Evidence of an advanced material culture that once thrived 45,000 years ago in East Asia has been discovered in China, according to an international team of archaeologists.
Analysis of materials from previous excavations that occurred in the early 1960s at the Shiyu archaeological site in China’s Shanxi Province represents what is believed to be the oldest use of such technologies in Northeast Asia, and provides new insights into ancient migrations of humans across the continent.
The Ancient Horse Hunters
According to the new analysis of materials retrieved from the location, the site’s Upper Palaeolithic assemblage dates to 45,000 years ago, and includes “blade technology, tanged and hafted projectile points, long-distance obsidian transfer, and the use of a perforated graphite disk,” according to Yang Shixia, an associate professor and first author of a new study detailing the team’s work.
In addition to its stone tool assemblage, obsidian from the site was determined to have been carried from quarries as far as 1000 kilometers away in the Russian Far East. Yang and the team also found evidence of “increased hunting skills denoted by the selective culling of adult equids, and the recovery of tanged and hafted projectile points with evidence of impact fractures,” according to a recent paper that describes their discoveries.
Other findings from Shiyu included a tool made from worked bone and a piece of graphite that had been shaped into a disc. These discoveries, along with a human cranial bone extracted from the site which, unfortunately, has now been misplaced, are nonetheless helping Yang and the international team reconstruct the migration of Homo sapiens into East Asia in the far distant past.
An Advanced Material Culture
As early as 45,000 years ago, the researchers say they unveiled evidence of “an advanced material culture” as indicated by the presence of Levallois points. This describes a specific flint knapping technique first recognized from 19th-century discoveries in France, which was developed hundreds of thousands of years earlier during the Middle Palaeolithic period by European Neanderthals and modern humans in the eastern Mediterranean.
Samples of animal bone from the original 1960s excavations were subjected to new analysis, which revealed some of them to be the remains of horses displaying modifications resulting from cut marks made by humans.
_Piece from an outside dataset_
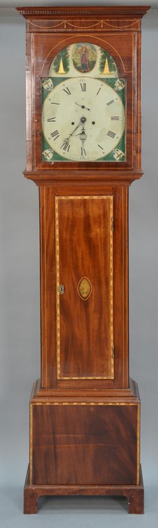 Scottish satinwood inlaid mahogany longcase clock, the dial marked Robertson Glasgow, the polychrome-decorated dial set within a rectangular hood with dentil-molded cornice on a plain stem and trunk, terminating in bracket feet, 19th century and later. height 81 inches

With the addition of radiocarbon dating of the Shiyu site’s main cultural level, the site was dated to between 45,800 and 43,200 years ago.
This ancient horse-hunting group possessed an extremely advanced array of tools for the period, which included awls used to pierce tiny holes in hides and other materials, end-scrapers to help with the removal of hide and muscle following a hunt, as well as cutting tools and borers.
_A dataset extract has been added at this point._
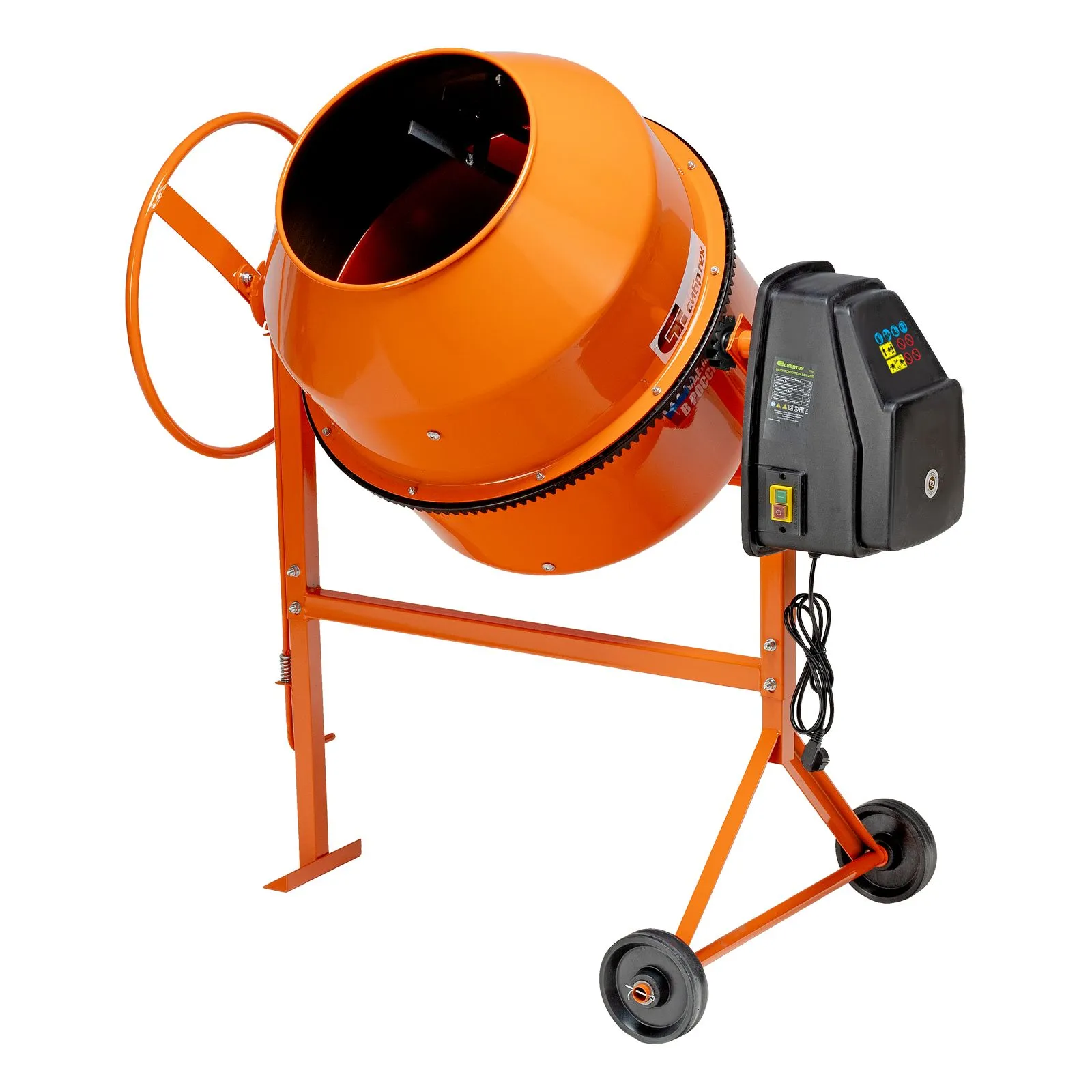• Мобильность — прочные колеса облегчают перемещение бетоносмесителя по рабочей площадке.

In addition to the sophistication of the tools recovered from the site, tracing the obsidian back to sites hundreds of kilometers away also conveys that this group of ancient hunters displayed strategies for material acquisition over long distances.
“Shiyu exhibits a set of advanced cultural behaviours,” Yang and his colleagues write in their paper, “and together with the recovery of a now-lost human cranial bone, the record supports an expansion of H. sapiens into eastern Asia by about 45 ka.”
The team’s new paper, “Initial Upper Palaeolithic material culture by 45,000 years ago at Shiyu in northern China,” appeared in the journal Nature Ecology and Evolution on January 18, 2024.